1) CMR: Currently, Taotian's annualized CMR level has not returned to its 21-year historical peak. If TR only returns to the previous level, CMR can reach a new high. We believe that TR still has room for improvement, so CMR has great potential for growth. 2) EBITA: Historically, the EBITA/CMR ratio of Taobao's Tmall core trading platform remained around 73%, while the current EBITA/CMR of Taobao Group is only 60% +. If the operation and construction of Aotian's core platform enters a stable period in the future, Taotian EBITA has a lot of room for improvement, which is estimated to increase by about 7 billion dollars (10% *CMR revenue) in a single quarter.

Investment advice

The main business has improved, undervalued, high dividends, and high expected returns. Judging from the valuation and shareholder returns, it is currently at a dividend repurchase rate of 9 times the PE valuation +9.4%, and the undervalued high dividend provides the lower limit of expected return. From a fundamental perspective, Taotian is in a critical period of improvement in its main business. 24H1's main business GMV's performance has exceeded expectations. If its own reforms and improvements in the external environment continue, it provides upward flexibility in expected returns.

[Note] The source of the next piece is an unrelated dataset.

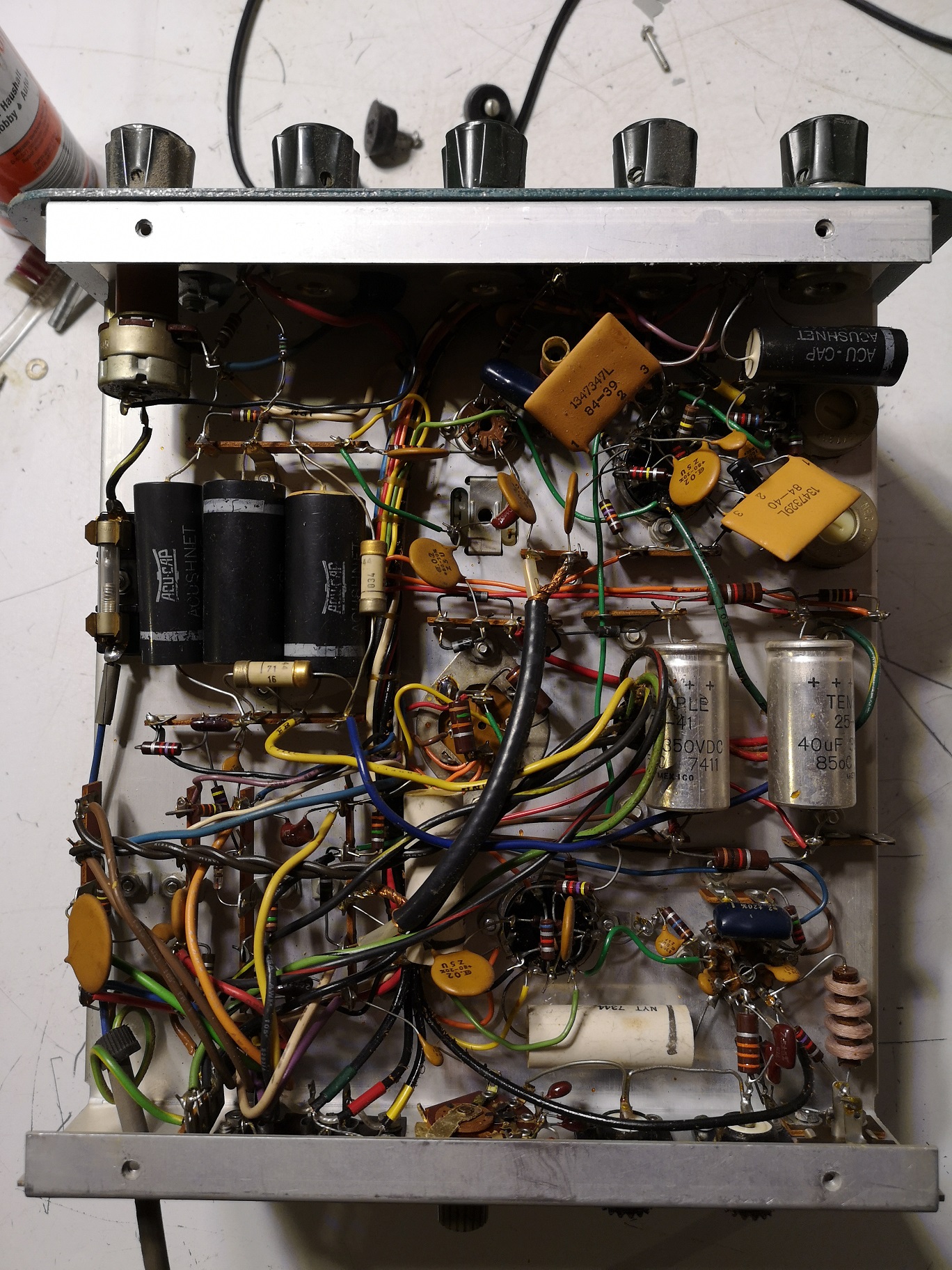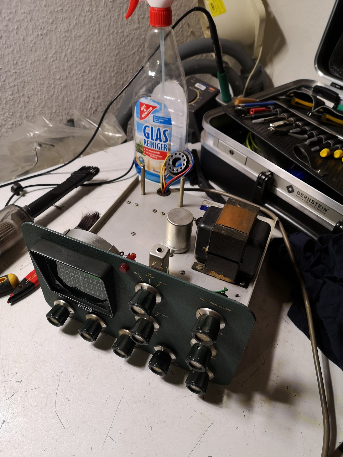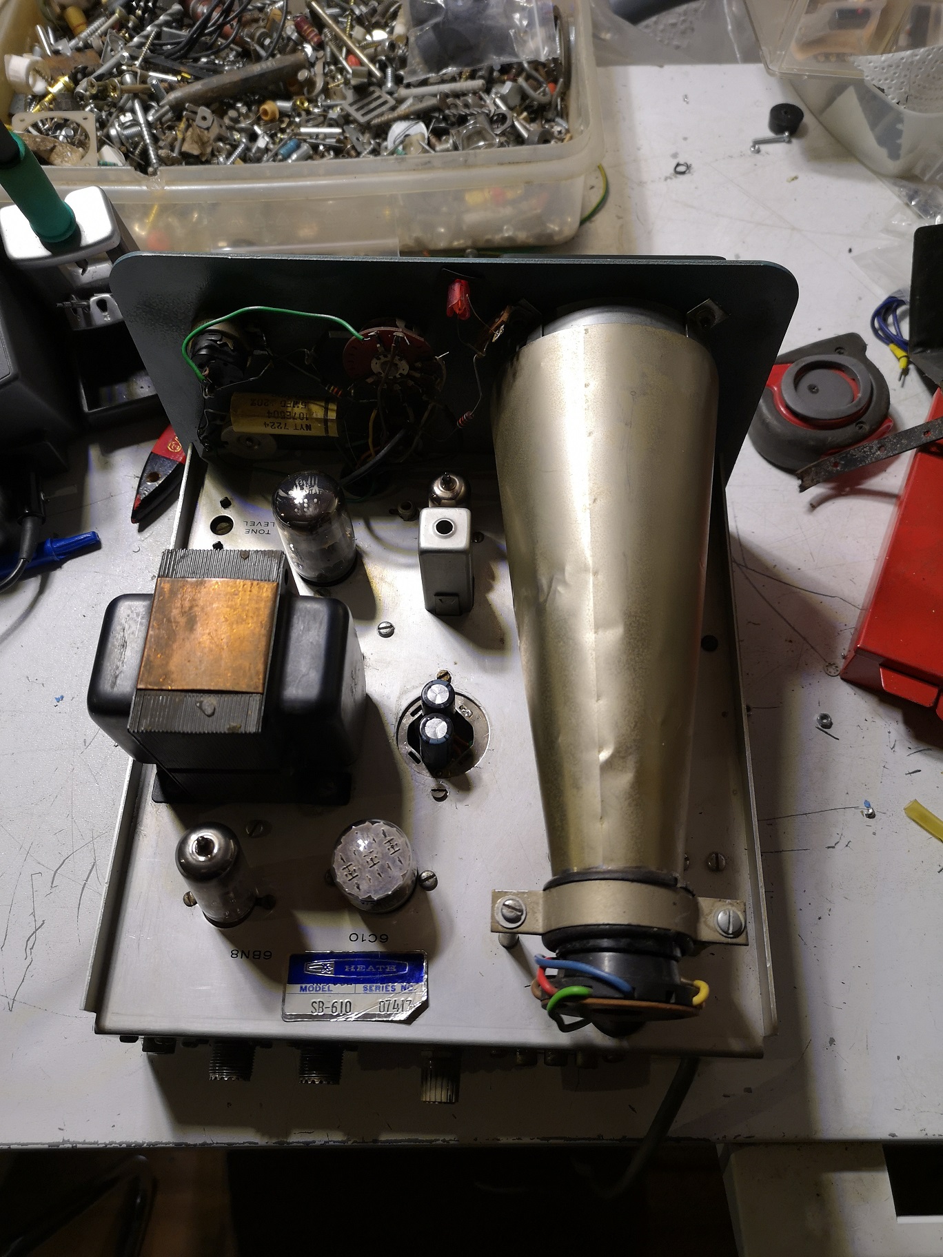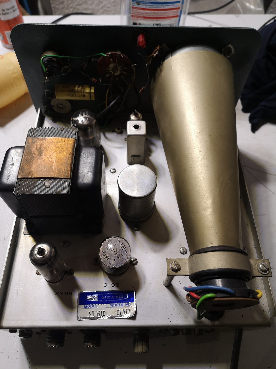SB-610 ist jetzt in Endmontage, Zusammenbau. Nicht gewechselt wurden die HV Siebkondensatoren, sollte das nötig werden wirds noch gemacht. Das Gerät bekam alle Elkos neu.

We estimate that FY25/26/27 achieved revenue of 1005.5/1108.8/1209 billion yuan and non-GAAP net profit of 157.3/180.1/202.4 billion yuan, corresponding to the current PE share price of 9.4/8.2/7.3 times. We valued FY25 non-GAAP net profit 12 times, with an overall valuation of HK$2052.3 billion (RMB: HKD exchange rate of 0.92), target price of HK$106, current price space of 27.4%, maintaining a “buy” rating.

Risk warning

1) Consumption recovery fell short of expectations; 2) Competition in the e-commerce industry intensified; 3) Commercialization progress fell short of expectations.

The translation is provided by third-party software.